Talk:Complex Numbers cannot be Ordered Compatibly with Ring Structure
I think I added many details instead of drastically changing the framework of the proof... --kc_kennylau (talk) 06:09, 11 December 2016 (EST)
- Difficult to tell. The first proof is more readable and can be followed easily. The structure and direction of the new one are unclear. --prime mover (talk) 06:20, 11 December 2016 (EST)
- The problem is that the first statement of this proof is not yet demonstrated. In fact it is a combination of the antisymmetry of ordering and compatibility with addition. --kc_kennylau (talk) 06:22, 11 December 2016 (EST)

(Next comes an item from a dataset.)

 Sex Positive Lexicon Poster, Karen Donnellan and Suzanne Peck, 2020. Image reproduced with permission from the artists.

- Okay, I'll see what I can do to keep us all happy -- leave it with me, and we can take this forward when I've had a play with it, yeah? --prime mover (talk) 06:53, 11 December 2016 (EST)

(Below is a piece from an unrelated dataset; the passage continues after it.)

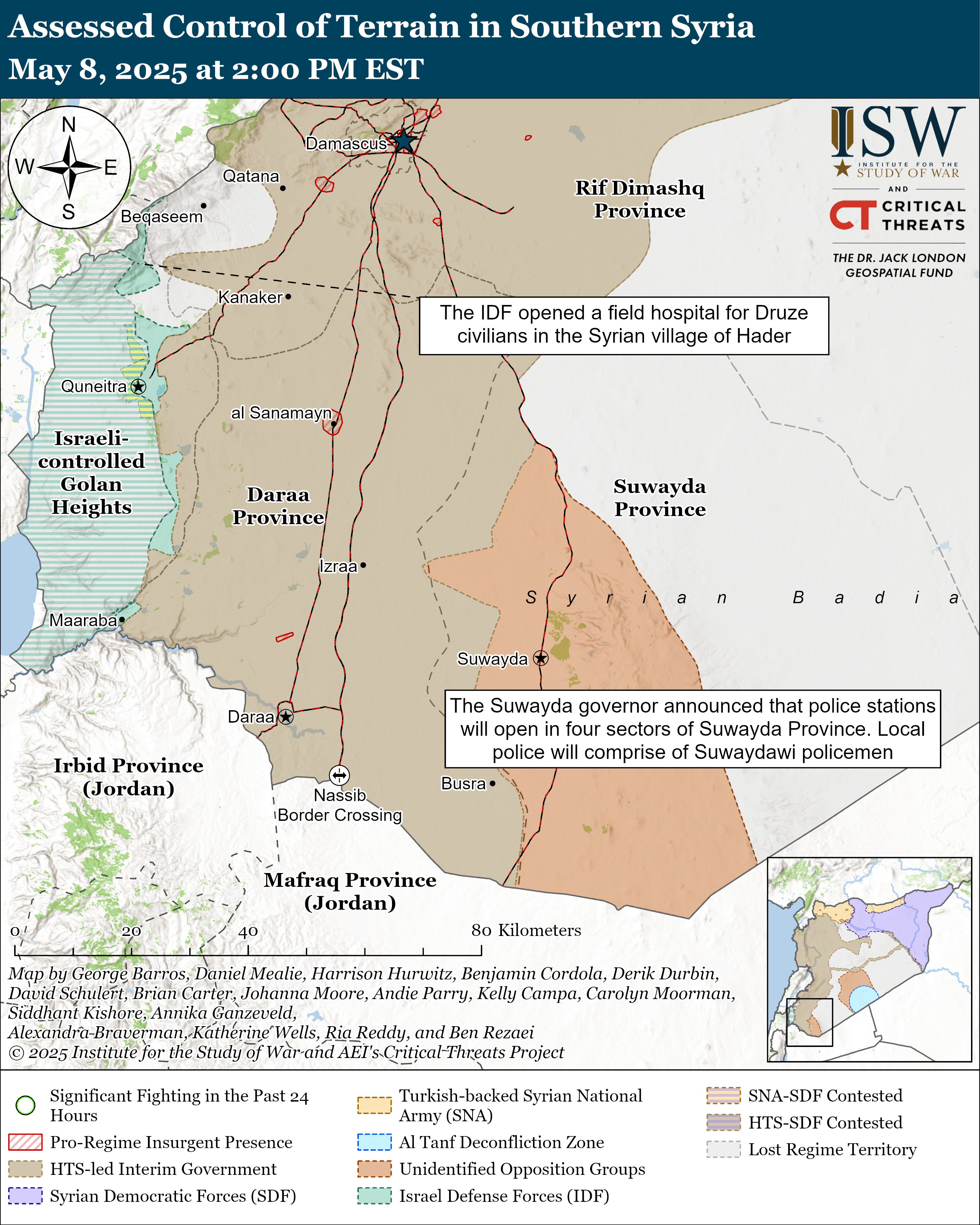 The Israel Defense Forces (IDF) opened a field hospital for Druze civilians in Hader, Quneitra Province, on May 8.[70] The IDF Arabic-language spokesperson announced that the field hospital is part of the IDF’s efforts to support the Syrian Druze population.[71] The IDF has been operating in Hader since December 2024.[72] The establishment of an IDF field hospital in Hader follows Israel’s efforts to pressure the Syrian transitional government to halt sectarian violence against the Syrian Druze community.[73]

I will say this though: pasting this up as a Featured Proof was a bit premature if it was of such poor quality in the first place. The accepted form is to offer it up as a POTW candidate, and give other contributors a chance to discuss it. I would not have made it POTW myself, but since the suggestion was made 16 microseconds before putting it live, the chance to discuss it was limited. --prime mover (talk) 06:57, 11 December 2016 (EST)

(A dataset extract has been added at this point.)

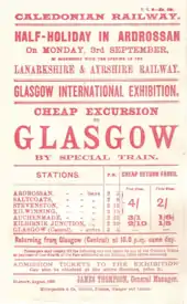 Opened Ardrossan to Barrmill (on the GB&KJR Beith branch) 4 September 1888; Giffen Junction to Cathcart opened for goods trains 1 April 1903 and to passenger trains 1 May 1903; Cathcart to Newton was opened 6 January 1904. After the Giffen Junction to Cathcart section was opened, the short section of the original main line from Giffen Junction to Barrmill Junction ceased to have a passenger service and was only used for occasional goods transfer purposes.[5] Local passenger trains between Uplawmoor and Ardrossan were withdrawn from 4 July 1932 and stations Lugton to Saltcoats closed. However In 1933 the LMS introduced its "Evening Breathers" excursions in the summer of 1933. These offered a return journey from Glasgow to Stevenston, Saltcoats or Ardrossan for half the single fare; the stations were specially made available for the excursions; they proved extremely popular and were repeated in 1934.

- Sorry about that. I didn't realize that there was a probem. It was a PotW Candidate for 4 years, though. It's been a long time since the POTW was changed, so I picked one from the existing candidates that has been a candidate for a long time, without realizing that the proof could have been improved. --GFauxPas (talk) 07:09, 11 December 2016 (EST)
- Was it? Silly me, I thought it had just been made a candidate. I apologise, I should have been wearing a head for a change.
- Anyway, how about this? --prime mover (talk) 07:16, 11 December 2016 (EST)
- The logic behind the two proofs is the same. --kc_kennylau (talk) 07:29, 11 December 2016 (EST)
- How about this? Instead of saying "$0 \prec z \lor 0 \prec -z$, but not both", say "$0 \prec z \lor z \prec 0$, but not both".
- The first proof shows that $0 \prec 1$ and $0 \prec -1$, contradicting the initial statement (a one-step process), and no more need be said. The contradiction has been demonstrated and the proof is complete.
- The second proof takes two steps: once to prove $0 \preceq -1$ and the second to prove that $1 = 0$. Completely different. --prime mover (talk) 08:12, 11 December 2016 (EST)
- I have added some more detail to $(1)$, so as to emphasise the specific result and the specific statement that leads to its own contradiction. --prime mover (talk) 08:21, 11 December 2016 (EST)
- You will find that they are the same once you try to justify hypothesis $(1)$. --kc_kennylau (talk) 08:24, 11 December 2016 (EST)
- No. We have specified that $\preceq$ is an ordering. Definition of an ordering: $a \preceq b \land b \preceq a \implies a = b$. A strict ordering is defined as $a \prec b \iff a \preceq b \land a \ne b$. Thus $(1)$. We do not need to wade through all that on this page. If you feel the need, link to whatever existing proofs already exist in order theory to justify the statement of $(1)$. --prime mover (talk) 08:31, 11 December 2016 (EST)
I linked to a result I made. This, I feel, keeps pm's proof the same but also alleviates kc's concerns. I'll leave it up to you guys to decide if kc's proof is worth keeping, because as far as I am aware he only made his proof to address the equivalence between what is now called condition $(1)$ and condition $(1')$. --GFauxPas (talk) 09:36, 11 December 2016 (EST)
- Yes, this is what I was taking for granted as a result: Properties of Ordered Ring. Still needs completing and restructuring. --prime mover (talk) 10:35, 11 December 2016 (EST)
- But both are valid proofs, and both should stay. --prime mover (talk) 11:01, 11 December 2016 (EST)